■ WHAT YOU SHOULD DO: Restate the data below word for word, and let no image into your version.

Start of RECORDED DATA

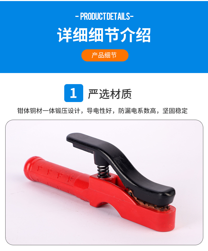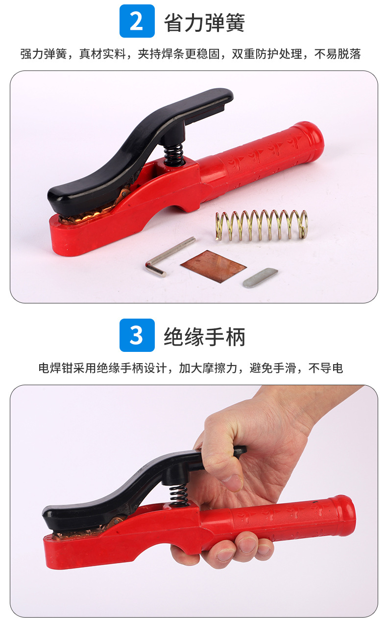 - Optimized for Various Electrodes: Capable of clamping welding rods up to 3.2mm diameter and accommodating cables from 16-50mm, ensuring adaptability across diverse welding requirements.
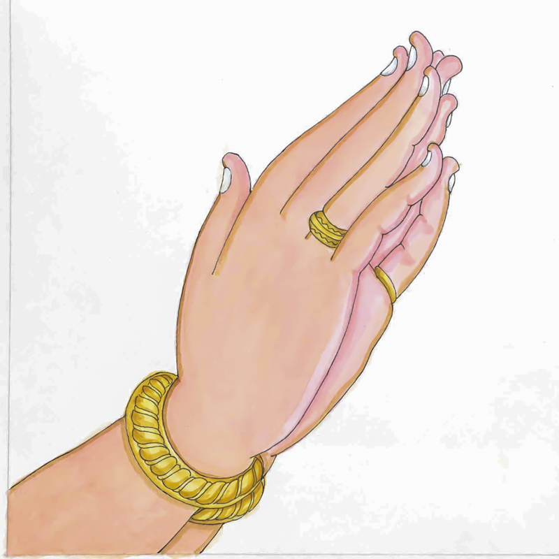 Prayerful GestureThe anjali mudra is a gesture denoting reverence and respect. Also called pranamanjali. A gesture of greeting, in which the two palms are held gently together and slightly cupped.
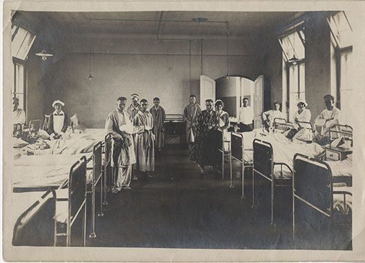 Interior view of a men's ward in an unidentified hospital, possibly in France during World War I. Nurses in uniforms and caps stand next to and behind iron beds, while male patients in pyjamas and robes stand in the middle of the ward.Photograph Details
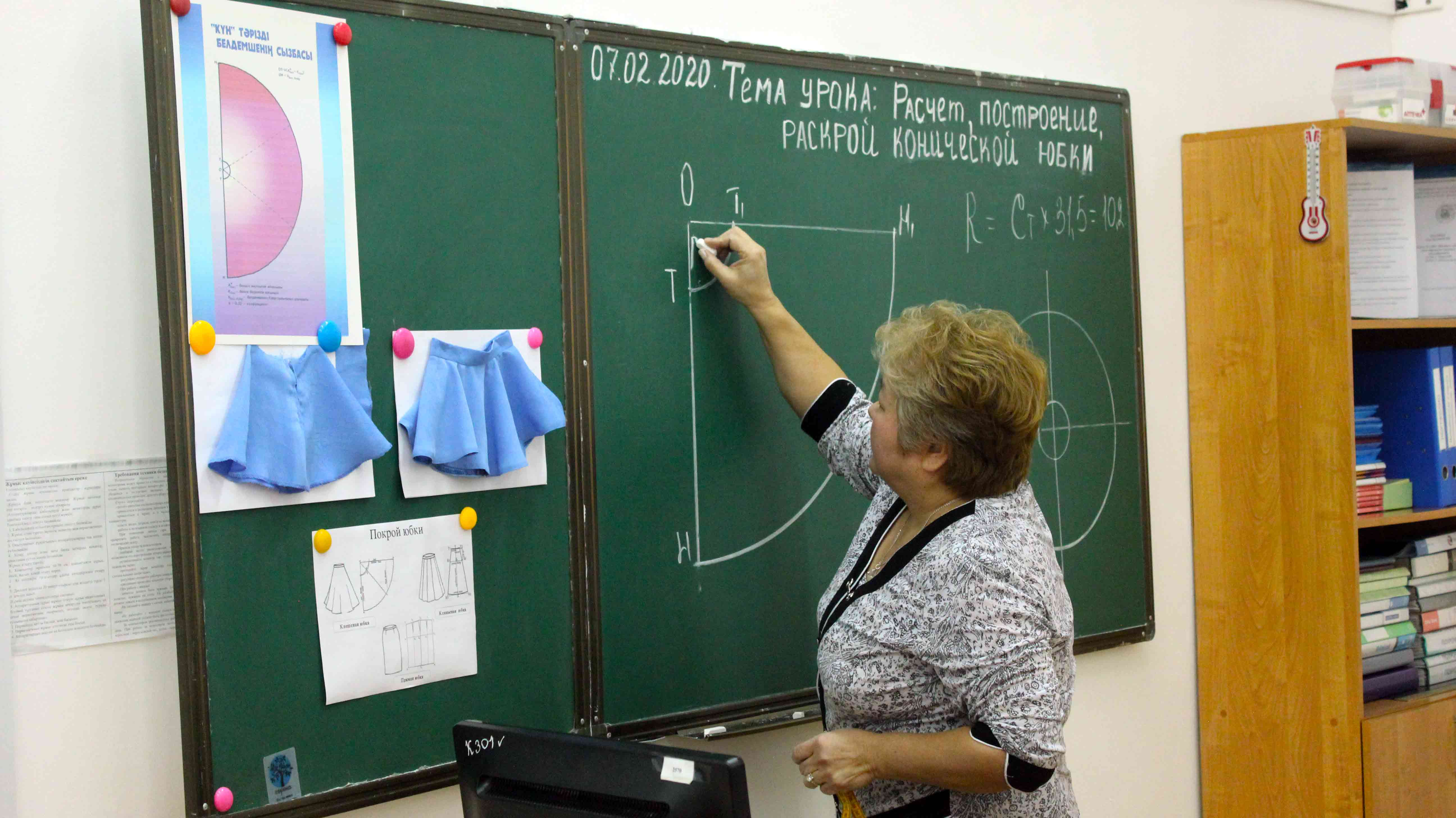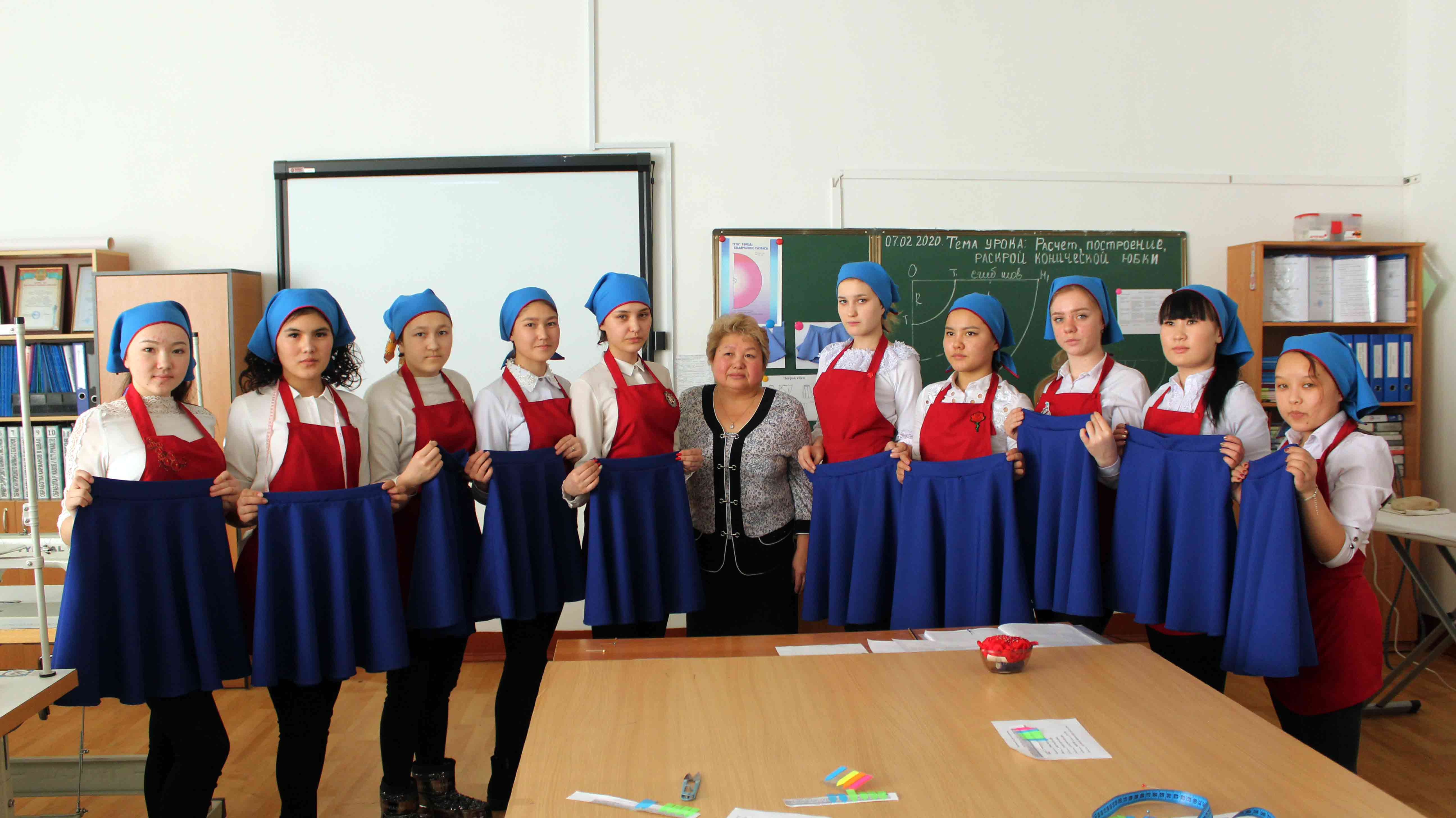 07.02.2020 жылы 1211062 - Тігінші мамандығы бойынша С 21 ПУ тобында өндірістік оқытудың ашық сабағы өтті, шебер — Ундизова Разия Мухаметжановна. Сабақтың тақырыбы: Конустық юбканы есептеу, салу, кесу және құру.

End of RECORDED DATA

■ OUTPUT:
 - Optimized for Various Electrodes: Capable of clamping welding rods up to 3.2mm diameter and accommodating cables from 16-50mm, ensuring adaptability across diverse welding requirements.
 Prayerful GestureThe anjali mudra is a gesture denoting reverence and respect. Also called pranamanjali. A gesture of greeting, in which the two palms are held gently together and slightly cupped.
 Interior view of a men's ward in an unidentified hospital, possibly in France during World War I. Nurses in uniforms and caps stand next to and behind iron beds, while male patients in pyjamas and robes stand in the middle of the ward.Photograph Details
 07.02.2020 жылы 1211062 - Тігінші мамандығы бойынша С 21 ПУ тобында өндірістік оқытудың ашық сабағы өтті, шебер — Ундизова Разия Мухаметжановна. Сабақтың тақырыбы: Конустық юбканы есептеу, салу, кесу және құру.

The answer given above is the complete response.